As the process unfolds, try to involve colleagues and external experts as much as possible.
Even if you do not have the budget to pay for outside support, you should think about simple informant interviews with individuals who can provide knowledge and experience that you do not have yourself or cannot source internally.
These should include any experts who have agreed to be involved in the project if it comes to fruition. They may be prepared to give their time and effort free of charge.
Proposals are formal documents that, if successful, will later become part of your contract with the donor.
The style should, therefore, be dry and businesslike, drawing on the terminology common to the development community and reflecting an academic rigour in any discussion of research or background material.
However, proposals do not need to be dull. They should aim to communicate your own passion for the subject matter and paint a clear picture of how your proposed activities will make a difference in people’s lives.
The following techniques can be used to make sure your proposal stands out from the pile:
Proposals should be clearly and neatly presented with strong section headings and, where possible, enough white space to ensure that the narrative does not become overwhelming.
Proposals often suffer from dense slabs of text that provide too much general discussion without presenting concrete activities and logical steps.
Some leading agencies invest significant time and resources into graphic design, arguing that this helps to make their proposal memorable and provides welcome relief for evaluators who have navigated their way through poorly formatted documents and unremitting swathes of verbiage.
It is unclear whether or not this investment pays off.
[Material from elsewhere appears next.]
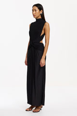 The London Gown in Black unites sculptural pleating with liquid satin for a striking evening silhouette. A pleated jersey bodice‚ open at the back and artfully twisted to the front waist‚ creates architectural dimension, while the bias-cut satin skirt drapes with refined elegance. Perfect for formal events, this piece is fully lined for seamless comfort.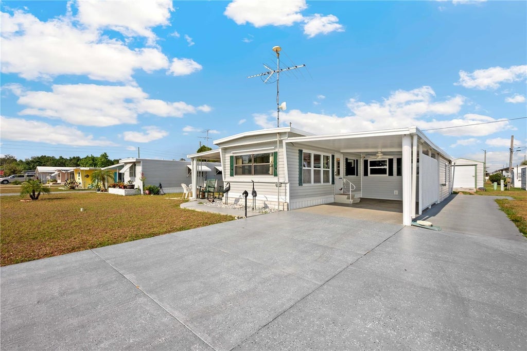 Charming Updated 2-Bedroom Home in Betmar Acres—Move-In Ready! Step into this beautifully maintained 2-bedroom, 1-bath home in the sought-after 55+ community of Betmar Acres, where modern updates meet timeless charm. The heart of the home is the showstopping kitchen, featuring updated mission-style cabinetry, custom countertops, newer appliances, an abundance of storage with multiple pull-out cabinets, pantry, and a sleek stainless-steel faucet at the upgraded sink—perfect for home chefs and entertainers alike. Adjacent to the kitchen, the dining area boasts large windows that flood the space with natural light and seamlessly connect to the open concept living room. The bright and airy living room offers a welcoming atmosphere with walls of windows that create a cheerful space for relaxing or entertaining. From the living room, step into the oversized Florida room, complete with a painted cement floor, ceiling fan, and expansive double-pane windows—ideal for hosting gatherings or enjoying a quiet morning coffee. Just off the Florida room, you'll find a versatile card/game room that can easily serve as a home office or cozy den, featuring a ceiling fan, electric fireplace, and more. The primary bedroom, tucked at the back of the home, comfortably fits a queen-sized bed and offers a spacious built-in closet with extra storage. The adjoining en-suite retreat features an updated vanity, step-in shower, tile flooring, and ample storage space. A bonus room provides flexibility as a second bedroom, guest space, or hobby room as needed. Outdoor living shines with oversized wraparound patios off the Florida room and the back of the home, offering multiple areas to relax and enjoy Florida’s sunshine. The Florida room itself could even be transformed into a third bedroom, man cave, or additional living space. Additional highlights include a metal roof-over, fresh interior paint, durable vinyl siding with brick and vinyl skirting, and a detached shed—perfect for extra storage or your golf cart. Best of all, this home is being sold fully furnished for a truly move-in-ready experience. As a resident of Betmar Acres, you'll enjoy fantastic amenities, including three golf courses, two swimming pools, hot tubs, pickleball and tennis courts, shuffleboard, billiards, and a variety of social clubs and activities. Don’t miss your chance to live your best 55+ lifestyle in this vibrant community at 5251 Flint. Schedule your showing today!

In all likelihood, a good design will not save a bad proposal but it's possible that a good proposal may be perceived as an excellent proposal if it is well designed.
Of course, when the donor includes prescriptive guidelines for page limits and margin widths, there is very little room for manoeuvre.
However, whatever the constraints, you should focus on ensuring that a document is readable, usable and well signposted.
This is, perhaps, more important than cramming every possible word into the available space, at the expense of margins, paragraph returns and readable font sizes.
Most proposals are developed by a small team, even if some of the team members may only contribute a small part of the narrative, the budget or the supporting documents.
In order to ensure that the master document remains manageable and accessible, it is worth encouraging contributors to observe certain parameters.
Throughout the process, it is helpful to put yourself in the evaluators’ shoes and recognise their key priorities.
In theory, their job is to identify the projects which are most likely to achieve the goals set by their paymasters and which are least likely to cause reputational damage or political fallout.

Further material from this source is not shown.